Sunday, December 13, 2020

Moscow’s Misrepresentations about Colonial War in Caucasus Set the Stage for New Violence, Khakuasheva Says

Paul Goble

            Staunton, December 11 – George Santayana’s observation that those who forget the past are condemned to relive it is taking on new urgency in the Russian Federation where the lies some Russian leaders and media figures are telling about the tsarist colonial wars in the Caucasus are setting the stage for new violence, Madina Khakuasheva says.

The senior scholar at the Kabardino-Balkar Institute for Research on the Humanities argues that the increasing insistence by such Russians that the Circassians and other peoples of the region were exclusively to blame for Russian losses during the tsarist colonial advance rather than the regime that dispatched troops is backfiring (natpressru.info/index.php?newsid=12233).

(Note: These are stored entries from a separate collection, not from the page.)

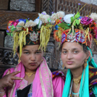 הבנות הרווקות עטו היום תלבושות מסורתיות: כובעי פרחים צבעוניים, שמלות רקומות ביד, תכשיטים מפוארים על הפנים, הידיים והצמות וקישוטי מנדי, חינה, על כף היד. הן יוצרות שורות-שורות שמתחברות למעגל גדול סביב פיסת דשא, מקודשת כמובן, ומתחילות לרקוד ולשיר.
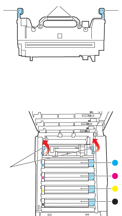 7. Lower the fuser into the printer, locating the two lugs (3)
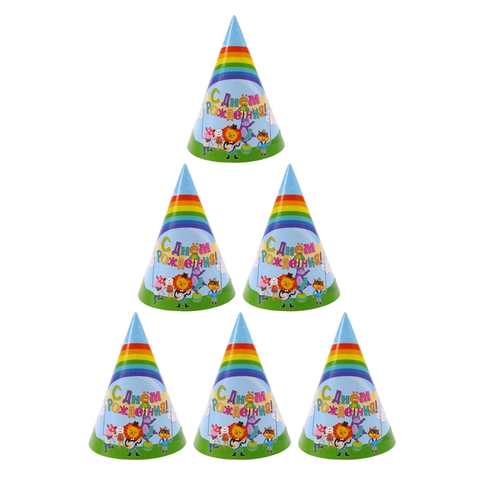 Бумажные колпаки "С днём рождения! Радуга", набор 6 шт., 16 см
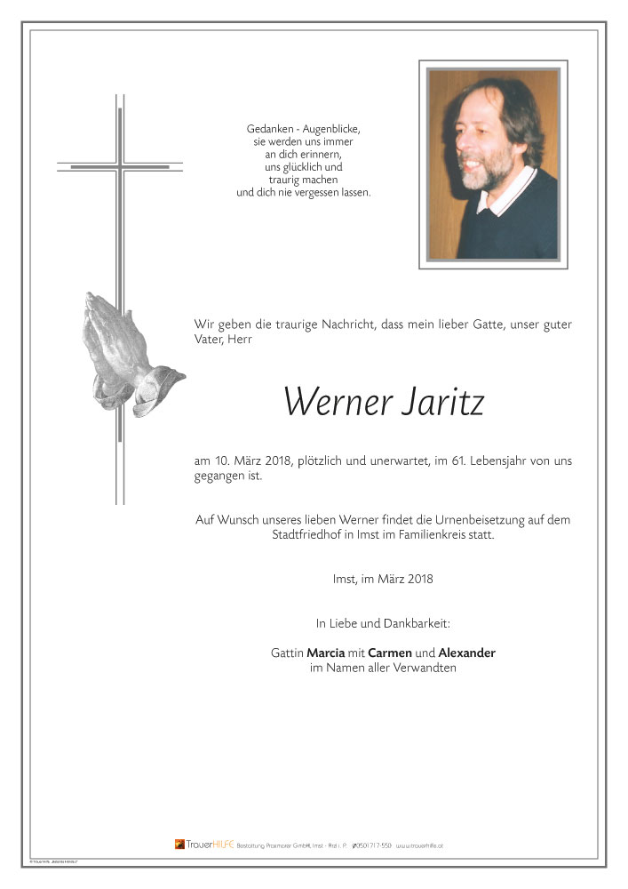 Bestattung wurde durchgeführt von: Daniel Klocker Bestattung Praxmarer GmbH Thomas Walch Str. 4 6460 - Imst Tel.: 05412 64250 zum Bestatter
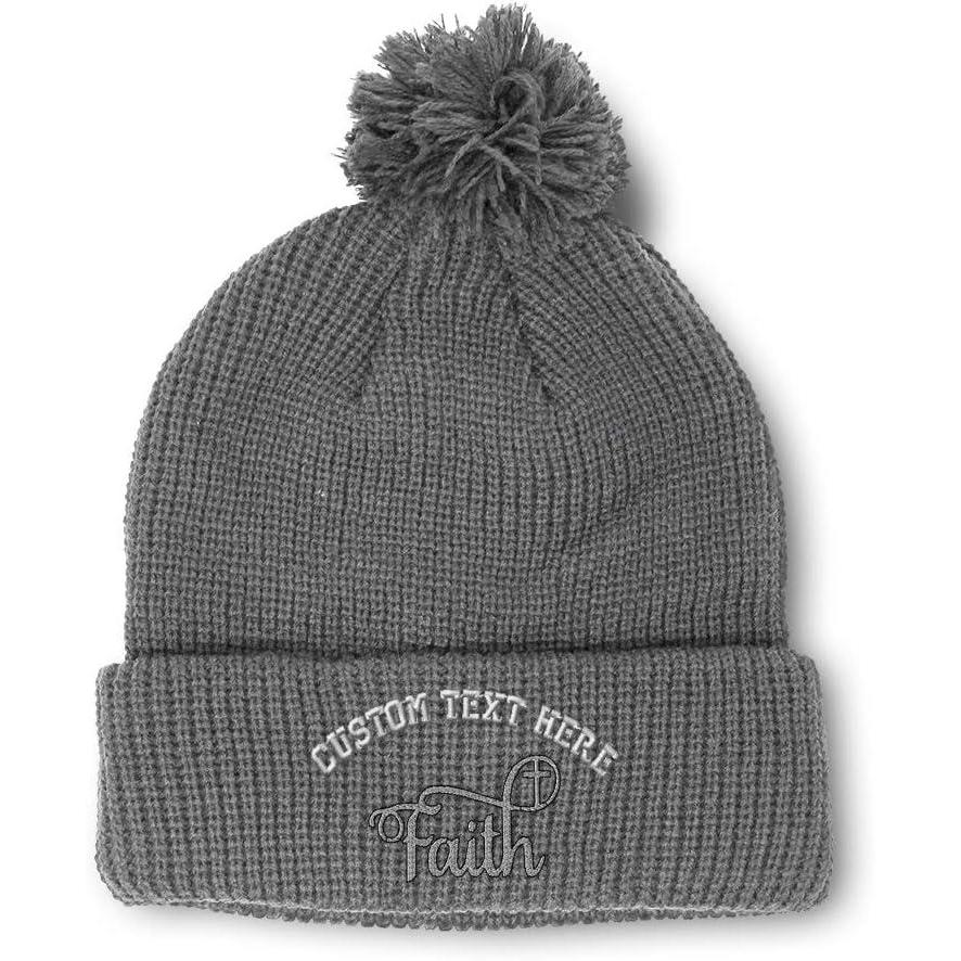 Pom Pom Beanies for Women Faith Christian Cross Embroidery Skull Cap Winter Hats for Men Acrylic 1 Size(Light Grey Personalized Text Here)
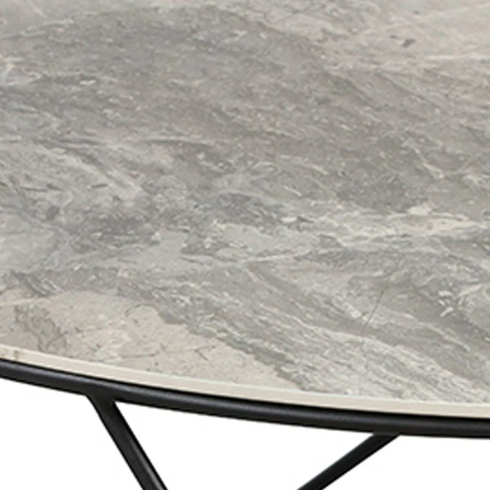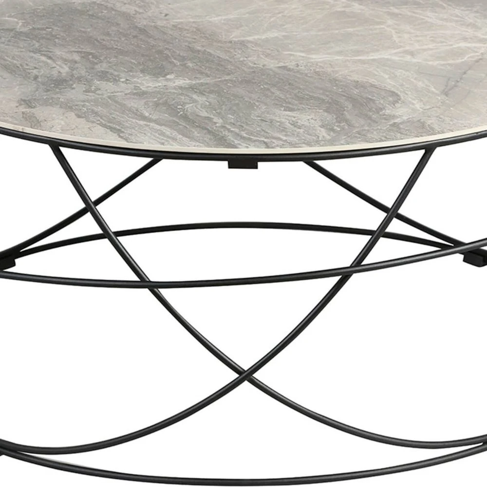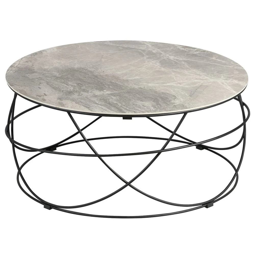 Table Basse Ronde Cathleen. Une table arborant une élégante structure en acier, surplombée par un large plateau en céramique. Peut s’adapter à divers styles d’intérieurs.
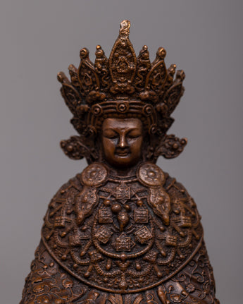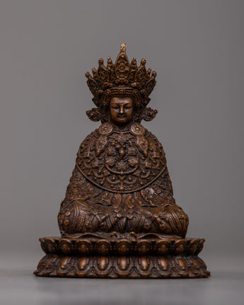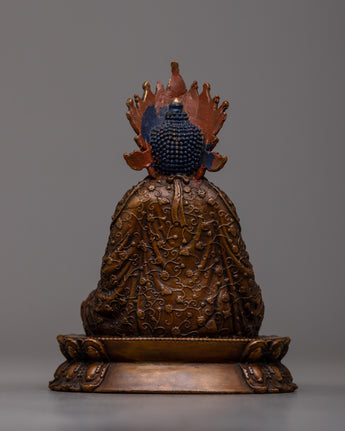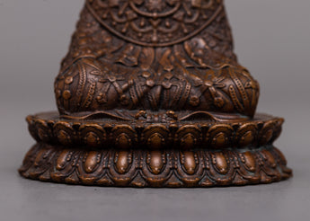 The Lord Buddha Statue, with its exquisitely crafted features and noble stance, is a focal point for reflection and respect in any hallowed place or domestic altar. Its small size allows it to be displayed in a variety of contexts, and its oxidized copper body gives it an air of authenticity and antiquity. This machine-made statue invites practitioners to connect with the everlasting teachings of Lord Buddha by providing a concrete symbol of serenity, compassion, and enlightenment, whether it is utilized for personal meditation or as a decorative accent.

The lies about the conflict, the memorializing of only Russian soldiers who lost their lives but not of anyone who resisted them, and the erection of statues and monuments to the conquerors is a dangerous recapitulation of what happened during the course of the more than a century long war of resistance against a colonial power.

“During the Russian-Caucasus war, those people whom the Russian state wanted to enslave and destroy were discredited and demonized in order to justify this expansion, and the more the Caucasians resisted and the bloodier was this unending war, the more cynical and shameful was the propaganda then.” So it is again now, Khakuahseva says.

But today, Moscow is seeking not to conquer the North Caucasians but to keep the descendants of those who fought against the Russian advance under control. And that means, when one sees the outrageous lies about the Circassians and others, this is not simply media hyperbole but “a contemporary articulation of a neo-imperial colonial agenda.”

More than that, the Circassian scholar continues, this agenda and the way it is being expressed carries within it “a potential threat to the security and stability of Russia” because alongside “the rebirth of barbaric values of the past,” including militarism and the justification of force and forcible assimilation, something else is emerging.

Until recent decades, such a media campaign from Moscow might have worked because the Russian state had limited the access of the peoples of the North Caucasus to the truth about their past and therefore was able to force a sufficient number of them to accept or at least not fight what Moscow has been saying.

But that is no longer the case, Khakuasheva says. “The descendants of the indigenous peoples of the Russian Federation now find themselves unexpectedly in a different information and spiritual space,” one that has allowed them to recover their national self-consciousness and pride despite the expectations of the Zhirinovskys, Leontyevs, Lebedevs and the like.

The peoples of the region no longer accept the lies these Russians are putting out, and they are no longer willing to put up with the repression that such lies appears to justify – and the more extreme the lies and propaganda and monuments Moscow uses, the more the peoples of the North Caucasus are prepared to resist.

The Circassians in particular know that their war of resistance from 1763 to 1864 was against a colonial power bent on their destruction, they know that they lost 90 percent of their population and territory, and that as a result of tsarist crimes, “93 percent of their people live beyond the borders of their historical Motherland,” far more than any other people of Russia.

And consequently, when Moscow lies about that war and when it imposes monuments only to Russian soldiers who fought in it but not to the Circassians and others who resisted, they are first of all insulted and infuriated and then committed not only to righting the historical record but defending their national patrimony.

The powers that be in Moscow do not seem to appreciate what the real facts of the past or of the present are, and so they are taking actions which will produce exactly what they say they are fighting against, more resistance and more national assertiveness on those they felt they had successfully conquered more than 150 years ago.